Return exactly, with nothing added, the lines from the one that contains "Classic design features" through the end of the listing below, pictures excluded.

<<<<

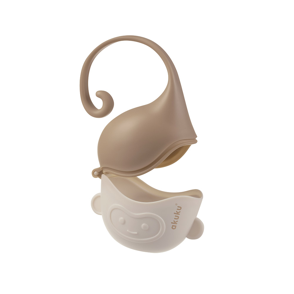 AKUKU A0688 to pojemnik na smoczek w kształcie małpki, przydatny podczas podróży i spacerów, który chroni smoczki przed zabrudzeniem i uszkodzeniem. Pojemnik pomieści nawet dwa smoczki i można go łatwo zamocować do wózka, fotelika, torby lub poręczy łóżeczka. Ma neutralną kolorystykę pasującą do każdego wózka i torby. Wykonany jest z bezpiecznych materiałów, nie zawiera BPA. Produkt należy utrzymywać w czystości, myjąc go w ciepłej wodzie z delikatnym środkiem myjącym i okresowo polewając wrzątkiem; nie wolno gotować ani sterylizować. Wymiary pojemnika to 13 x 8,5 x 5,5 cm. Produkt nie jest zabawką i należy używać go pod nadzorem osoby dorosłej, wyrzucając w przypadku oznak zużycia.
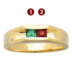 Classic design features 3.0mm princess cut gemstones. Choose one to six gemstones. Each is channel-set. Ring is available in white or yellow, 10k or 14k gold, with simulated or genuine birthstones.
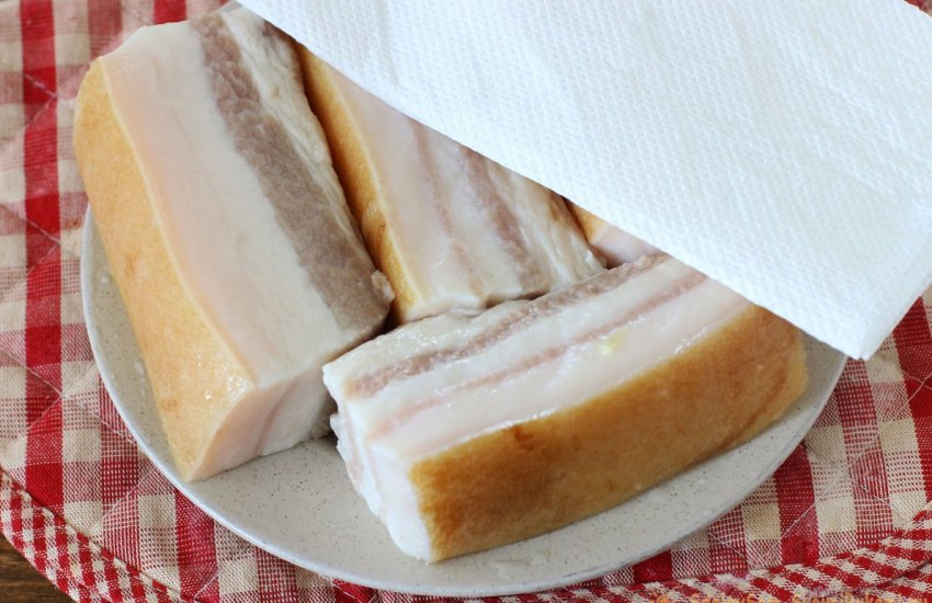 1. Сало или подчеревок зачистить ножом и хорошо протереть бумажными полотенцами, удаляя возможные загрязнения, далее нарезать кусок на квадраты или прямоугольники. Они должны быть такого размера, чтобы было можно компактно разместить их в посуду для маринования – пластиковую или из нержавейки либо в стеклянный бутыль.
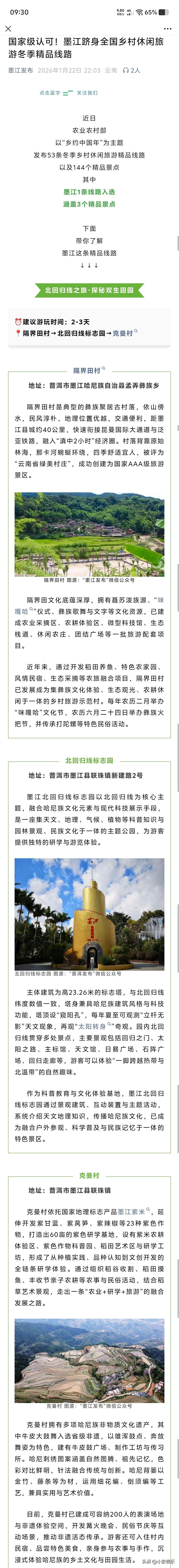 “恭喜”云南普洱墨江县。农业农村部最近搞了一批全国乡村休闲旅游冬季精品线路,墨江的“北回归线之旅·探秘双生田园”这条线成功入选,它包含隔界田村、北回归线标志园、克曼村这三个景点,玩个2-3天正好。非常适合旅居和来南方过冬的朋友。
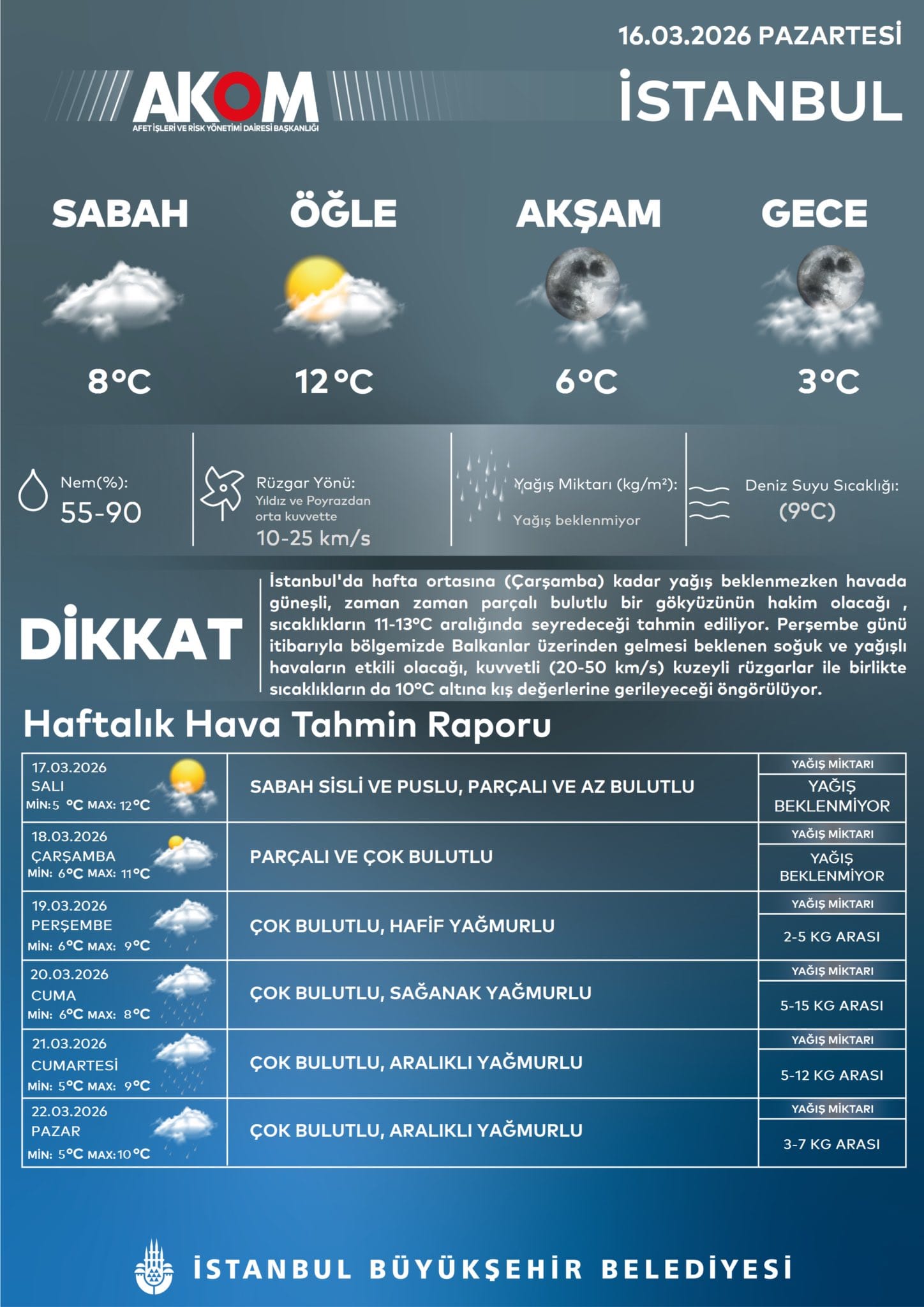 İstanbul Büyükşehir Belediyesi Afet Koordinasyon Merkezi (AKOM), haftalık hava tahmin raporunu yayımlayarak İstanbulluları arife günü olan perşembe gününden itibaren etkili olacak soğuk havaya karşı uyardı. Haftanın ilk yarısında bahar havası yaşanırken, hafta sonuna doğru kış değerlerine geri dönülecek.

>>>>

**EXPECTED ANSWER**
 Classic design features 3.0mm princess cut gemstones. Choose one to six gemstones. Each is channel-set. Ring is available in white or yellow, 10k or 14k gold, with simulated or genuine birthstones.
 1. Сало или подчеревок зачистить ножом и хорошо протереть бумажными полотенцами, удаляя возможные загрязнения, далее нарезать кусок на квадраты или прямоугольники. Они должны быть такого размера, чтобы было можно компактно разместить их в посуду для маринования – пластиковую или из нержавейки либо в стеклянный бутыль.
 “恭喜”云南普洱墨江县。农业农村部最近搞了一批全国乡村休闲旅游冬季精品线路,墨江的“北回归线之旅·探秘双生田园”这条线成功入选,它包含隔界田村、北回归线标志园、克曼村这三个景点,玩个2-3天正好。非常适合旅居和来南方过冬的朋友。
 İstanbul Büyükşehir Belediyesi Afet Koordinasyon Merkezi (AKOM), haftalık hava tahmin raporunu yayımlayarak İstanbulluları arife günü olan perşembe gününden itibaren etkili olacak soğuk havaya karşı uyardı. Haftanın ilk yarısında bahar havası yaşanırken, hafta sonuna doğru kış değerlerine geri dönülecek.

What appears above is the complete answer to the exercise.